A successful piece on ALLOD requires two very important things: A catchy headline and a featured image. They are your hooks. In order for the taters to click on your piece you have to elicit an emotional response. There’s no magic formula for “viral.” Viral happens when it happens, and there’s no stopping it. Some magical combination of the headline and image grabbed the audience and won’t let go. Solid, consistent numbers, on the other hand, are a bit more realistic to achieve, and this is where it all begins.

The number one mistake of guest submissions is humor. By far. I’m not sure what page people are reading, but ALLOD headlines are 100 percent clickbait nonsense that serves a single purpose: make the tater click. “Satire” doesn’t equal comedy. It doesn’t equal parody. It’s an art form that exposes people’s vices, and in this case, ignorance, in the context of contemporary politics and pop culture. Basically, it doesn’t matter what you think is funny, or clever, or something all of your friends would click. You’re not the audience. Without the audience, a post becomes 10 comments from the standard group of die-hards jumping on the two taters that were still dumb enough to comment.

So then…what works? If you go to the page, you’ll see exactly what works. Through the years, every writer has found their own little niche of characters they used to build their stories. My characters are battle-tested and come through for me time and time again. I prefer to stay away from straight politics. I don’t write about elected officials and I don’t try to work inside the realm of political news. First, there’s too much competition. Second, I don’t believe Facebook likes politics anymore. I have numbers to back that. Since January of 2021 (go figure) the mere mention of a Biden, a Trump, or any other active politician seems to kill a post. If Facebook frowns on something, avoid it. That’s a hard-learned lesson, I’ll tell you what.

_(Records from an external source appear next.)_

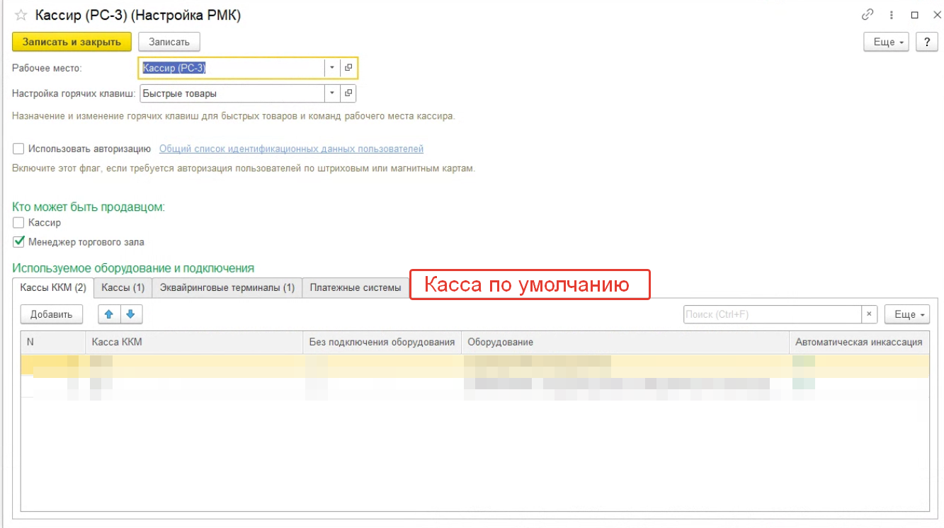 Цель: при каждой продаже в РМК спрашивать через какую кассу ККМ пробить чек с возможностью указать для некоторых видов оплат кассу ККТ по умолчанию.
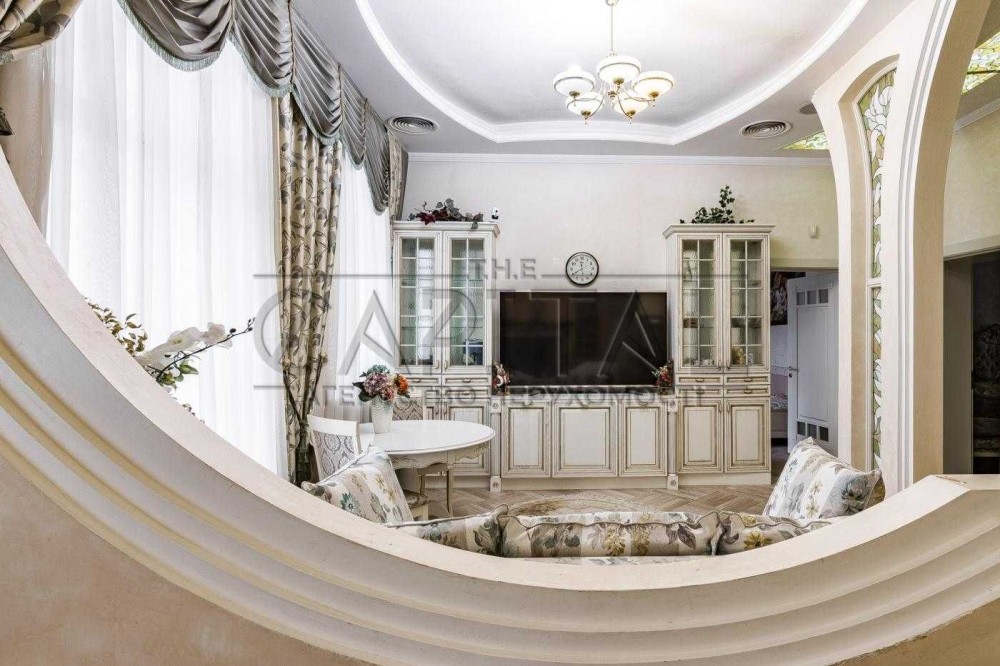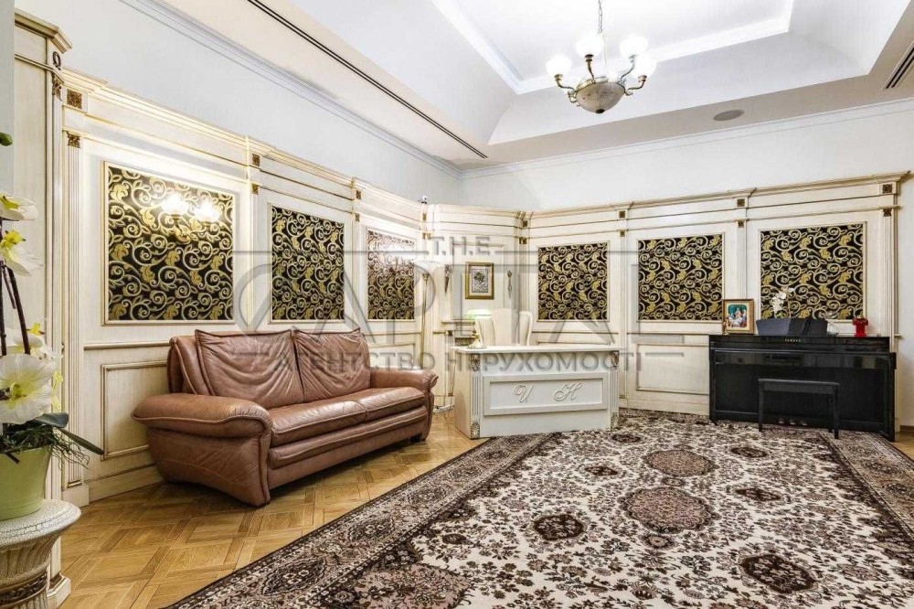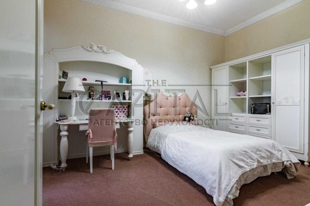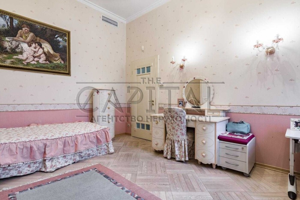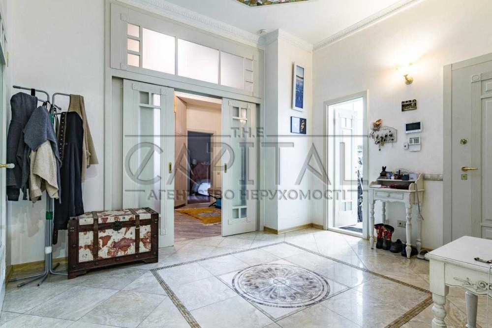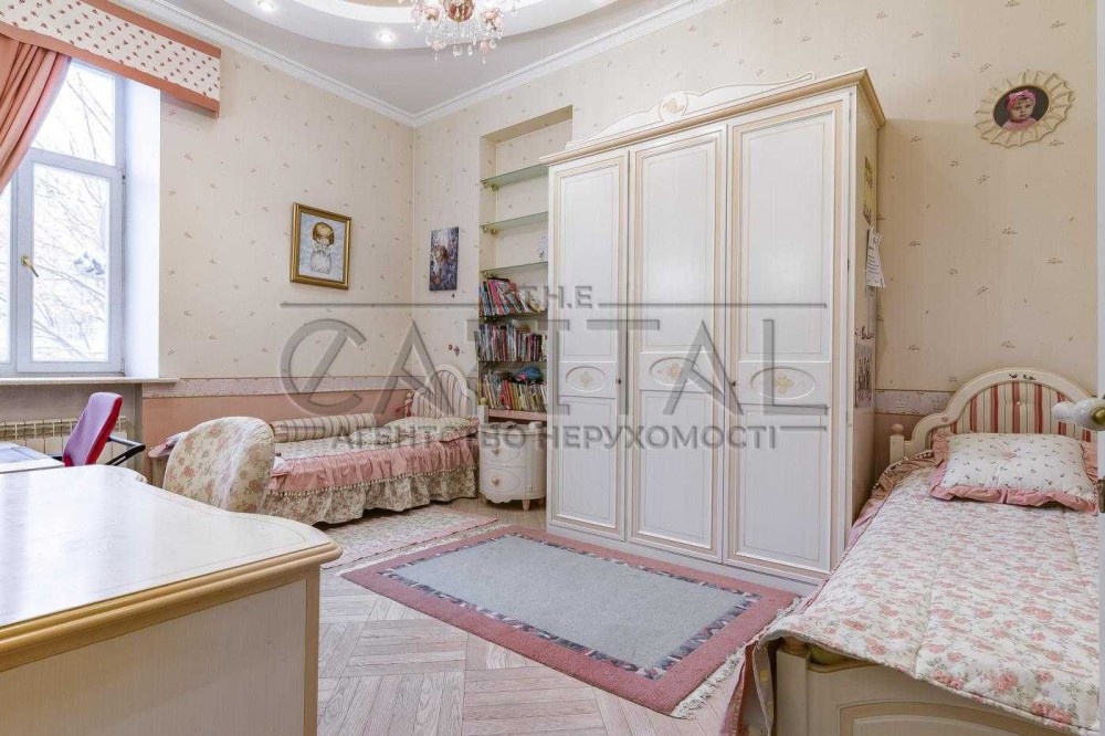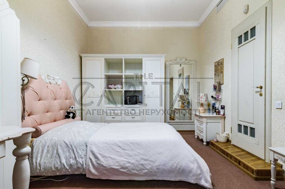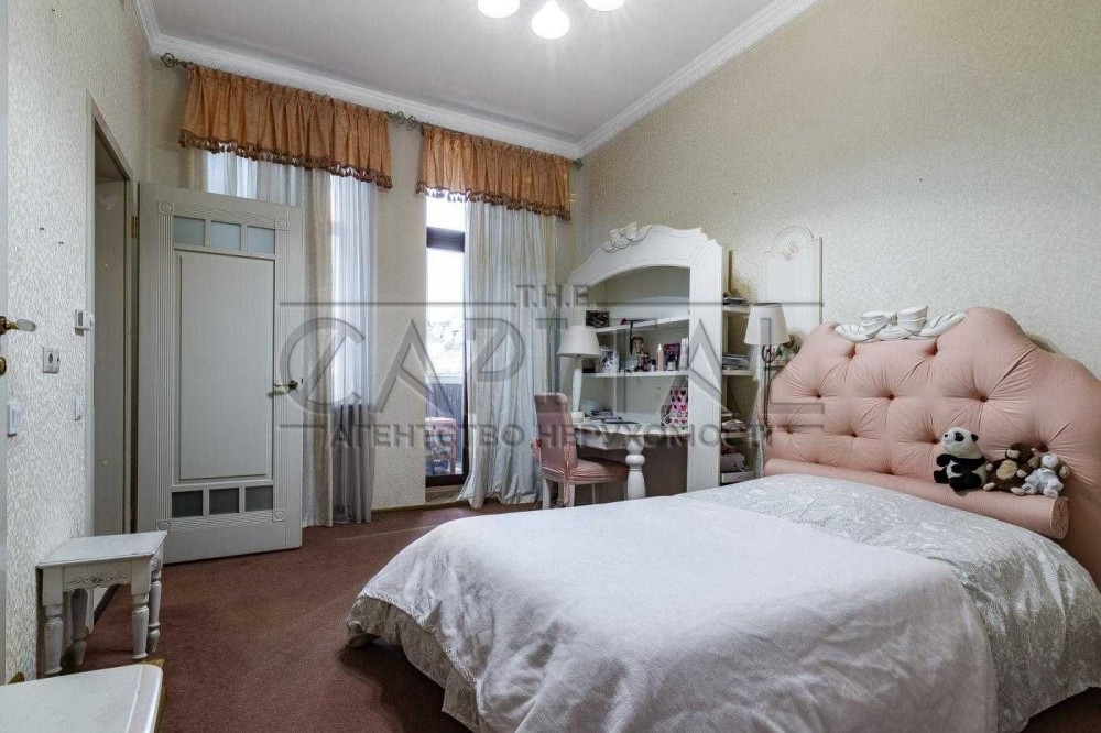 Три спальні, кабінет, кухня-вітальня, дві гардеробної, два санвузли, два балкони, технічна кімната. ВІкна виходять у два закритих дворики між будинками.
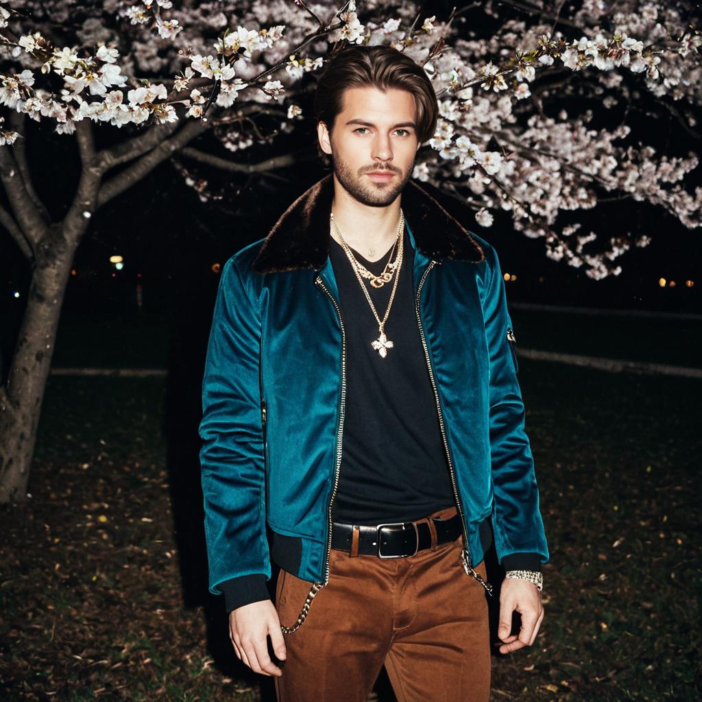 A young man with brown hair and facial hair stands outdoors at night beneath blooming cherry blossom trees. He is wearing a teal velvet jacket with a fur collar, brown pants, a black belt, multiple gold necklaces, and a wristwatch. The man is looking directly at the camera, presenting a confident and stylish appearance. The dark background highlights the vibrant colors of his outfit and the white cherry blossoms around him.
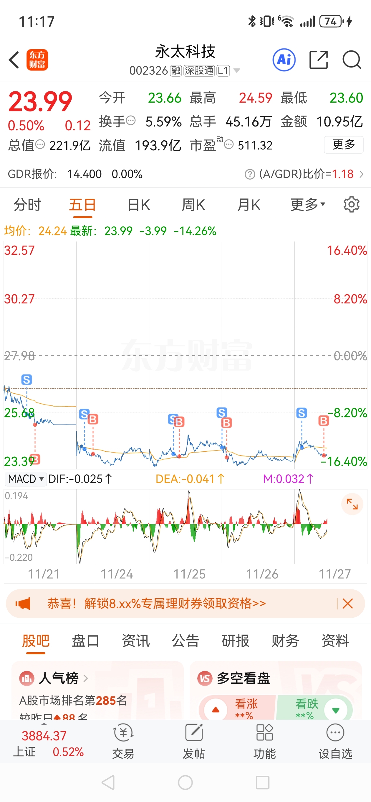 $永太科技(SZ002326)$ 总共T了三块了,唯有自救!
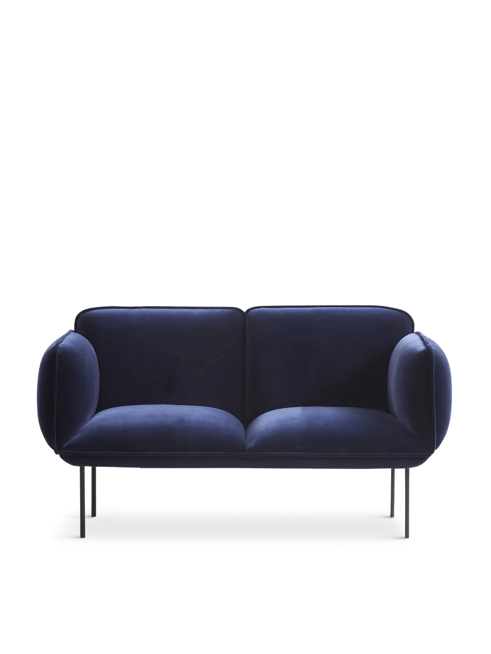 The Woud Nakki Small 2-Seater brings Mika Tolvanen's signature approach to compact living spaces where you want real seating for two people without eating up the entire room. At 62.9 inches wide compared to the regular version's 70.8 inches, this gives you genuine loveseat comfort in spaces where every inch matters - perfect for apartments, smaller living rooms, or anywhere you need intimate seating that doesn't dominate the furniture layout. The same generous padding and firm support that makes the full-size Nakki series so popular gets compressed into these smarter proportions, so you're not sacrificing comfort for space efficiency. The contrast between the structured square frame and those soft, rounded cushion edges creates this welcoming personality that makes any room feel more lived-in and approachable. What's particularly clever about the construction is how the plywood frame with elastic belts and memory foam maintains that supportive structure even in the smaller format - you're getting real furniture quality, not scaled-down compromise seating. The black painted metal legs keep the visual weight light despite all that padding, so it feels substantial when you're sitting but doesn't look heavy in the room. Being made to order means you can choose from Woud's full range of fabrics and leathers to match your existing space, and the 17.9-inch seat height works well for most people without feeling too low or too high. The firm padding holds its shape over time instead of developing those sad compressed spots that cheaper furniture gets after regular use. Woud continues this approach where Finnish design sensibility meets Danish manufacturing excellence, creating pieces that work for how people actually live rather than just looking good in showrooms. Their collaboration with Mika Tolvanen reflects this commitment to making furniture that enhances daily life through thoughtful proportions and honest materials. The brand understands that the best small-space furniture doesn't feel like a compromise - it should work so well that you forget it's compact, providing exactly what you need without any unnecessary bulk or complicated features that don't add real value to how you use the space.
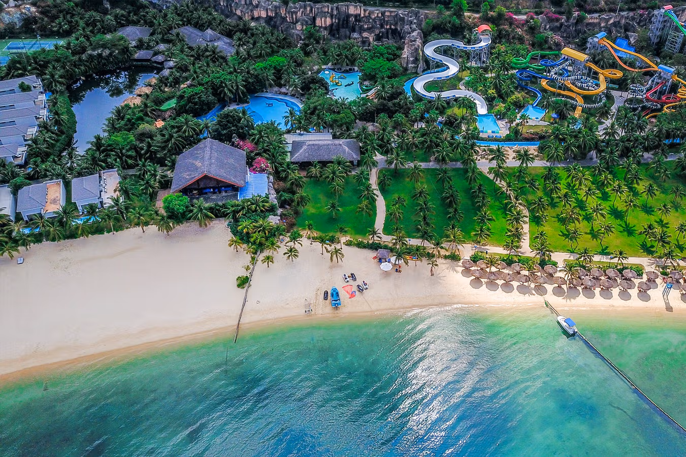 The beach offers crystal-clear water and soft white sand, making it an ideal place to relax after exploring the amusement park.
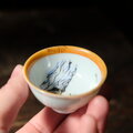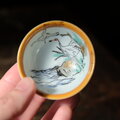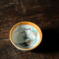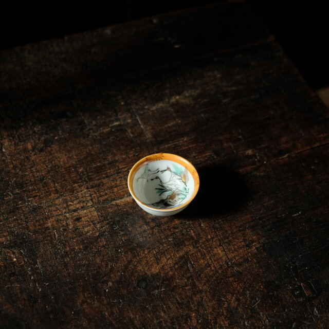 岩場に鶴◆九谷焼 色絵金彩猪口 酒器 古民家 古道具 骨董/antiques 大正〜昭和初期
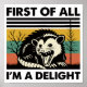funny possum design, opossum humor, sarcastic animal quote, vintage retro possum, first of all I’m a delight, funny wildlife art, cute opossum illustration, retro animal lover gift, vintage sunset design, funny animal gift, sarcastic gift idea, opossum shirt, possum mug, possum tote bag, quirky animal humor, funny quote design, animal sarcasm, retro humor apparel, funny wildlife lover gift, cute possum joke, opossum lover gift, sarcastic opossum art, possum retro print, wildlife humor, funny forest animal, cute marsupial design, hilarious animal saying, introvert humor, sassy quote design, vintage humor decor
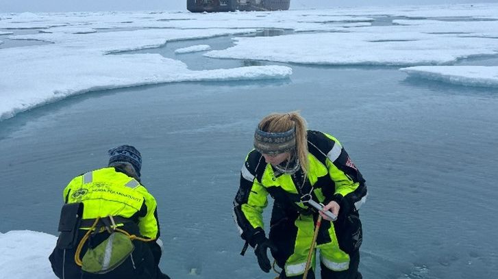 • Achim and Morven performing turbulence measurements through a hole in the sea ice.jpg
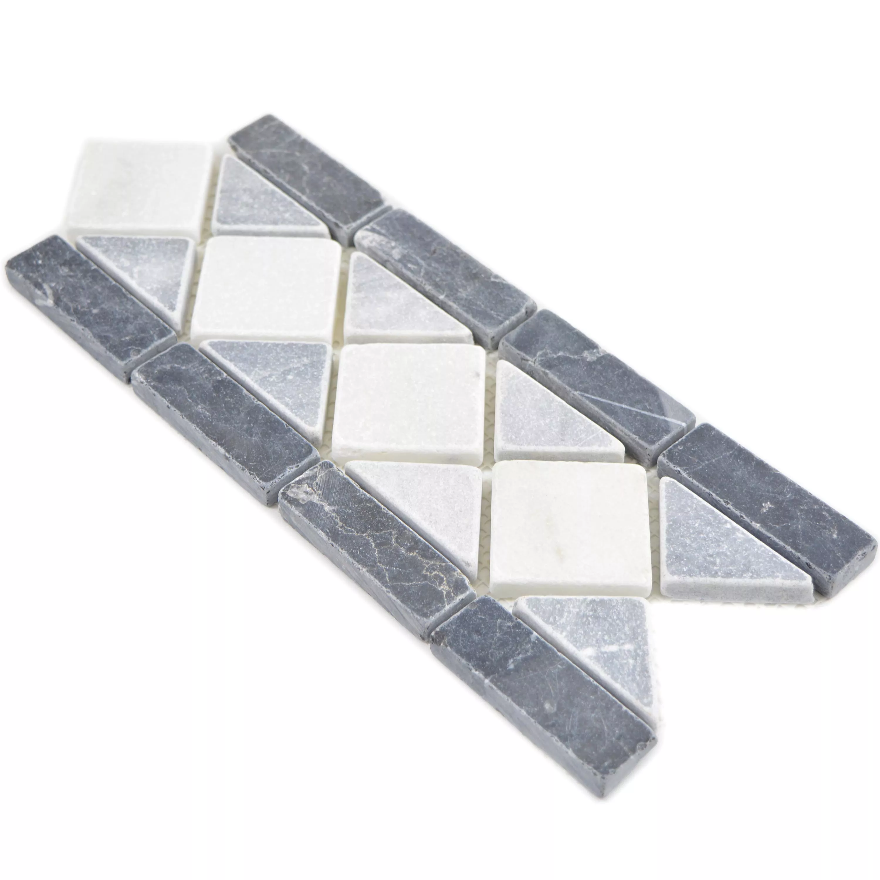 Il bordo è nero, bianco e grigio. Per la produzione è stata utilizzata pietra naturale. Questo ha il vantaggio che non tutte le impronte digitali sono immediatamente visibili su di esso. I bordi hanno uno spessore di 10 mm. Poiché il bordo piastrellato è disponibile per interni ed esterni, può essere utilizzato per numerose stanze. Dal bagno di casa alla terrazza o al giardino d'inverno, tutto può essere aggiornato con esso.
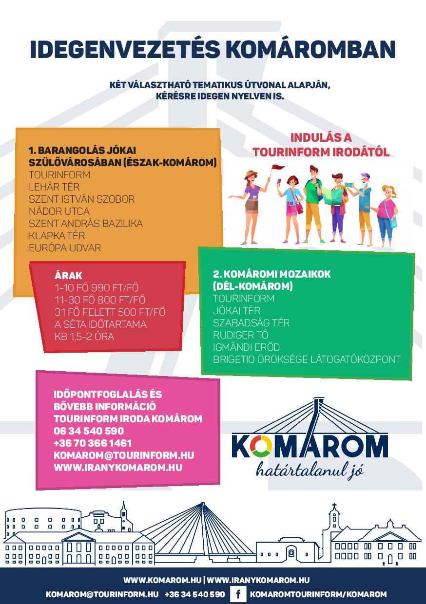 Időpontfoglalásra és bővebb információ kérésére a komáromi Tourinform Irodában van lehetőség személyesen, vagy a 06-34-540-590- es telefonszámon, a 0670-366-1461-es mobilszámon, illetve a www.iranykomarom.hu oldalon, valamint a Tourinform Iroda Facebook oldalán van lehetőség.
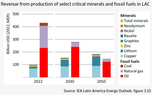 Remarkably, by 2050, the LAC revenue from critical minerals will overtake the combined revenue from the region’s – by that time much lower - fossil fuel production. It however remains to be seen whether the production of critical minerals offers a new earnings model for the region. The combined revenues from the production of the selected critical minerals and fossil fuels are estimated by the IEA at about USD 330 billion in 2050. This is significantly lower than the USD 520 billion earned in 2022.
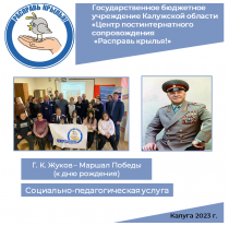 1 декабря – День рождения Маршала Победы Г.К. Жукова.Проект: «Я Служу России!» Лекторская группа " Расправь крылья", состоящая из проживающих нашей социальной гостиницы и студентов образовательных учреждений, подготовили презентацию и провели лекцию на тему: «Г.К. Жуков от скорняка до Маршала Победы», к 127 годовщине со дня рождения, четырежды Героя, Маршала Советского союза Георгия Константиновича Жукова... -
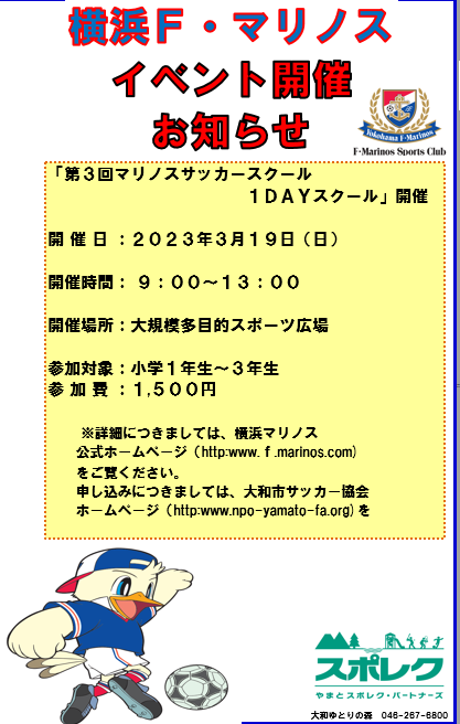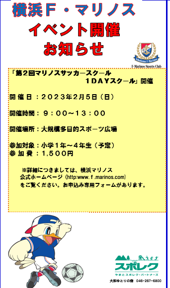 F・マリノス「第3回マリノスサッカースクール 1DAYスクール」開催のお知らせ。
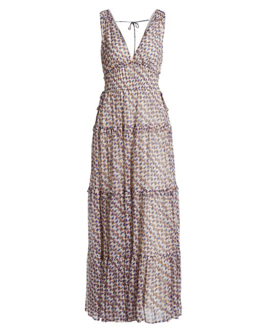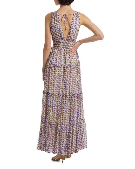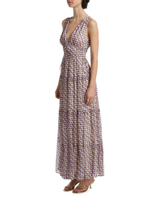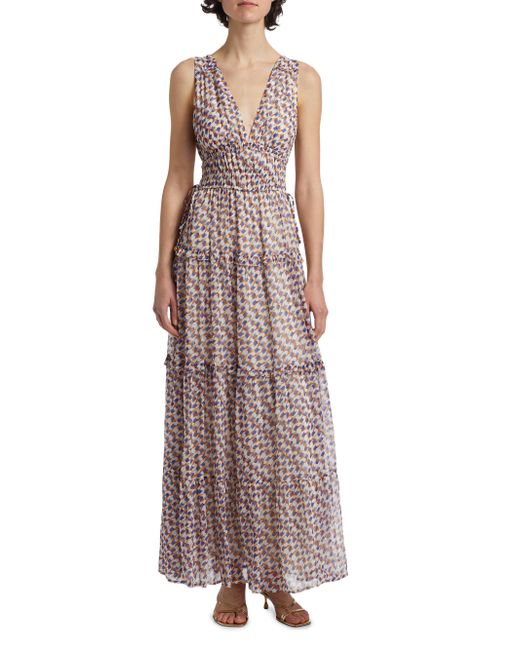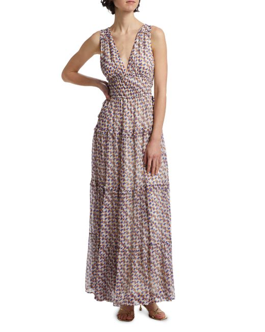 Kivari's Rochelle sleeveless maxi dress is adorned with a geometric print featuring a deep V-neckline with soft seams, with an adjustable drawcord at the waist. V-Neck Sleeveless Pulls over 100% viscose Dry clean Imported SIZE & FIT About 57.5" from shoulder to hem Model measurements: 5'10" tall Model is wearing a US size Small. Contemporary Sportswear - Trend > Kivari > Saks Fifth Avenue > Barneys. Kivari. Color: Rochelle. Size: XS.

So I stay on the outskirts and work with the supporting cast. The pundits. The talk show hosts. Celebrities who are vocal about politics on both sides. It’s a culture war and nothing else to them at this point. Fanning those flames is how you rope them in.

Pick Your People and Build Your Story

You can always do the South Park version of Family Guy writers picking topics, but we’re fresh out of manatees. Typically, I try to build stories around real events that I know the taters are jumping all over. Here’s a simple example: When Kid Rock shot up those beer cans, I immediately started spinning out headlines. Building them is easy enough if you follow some basic rules.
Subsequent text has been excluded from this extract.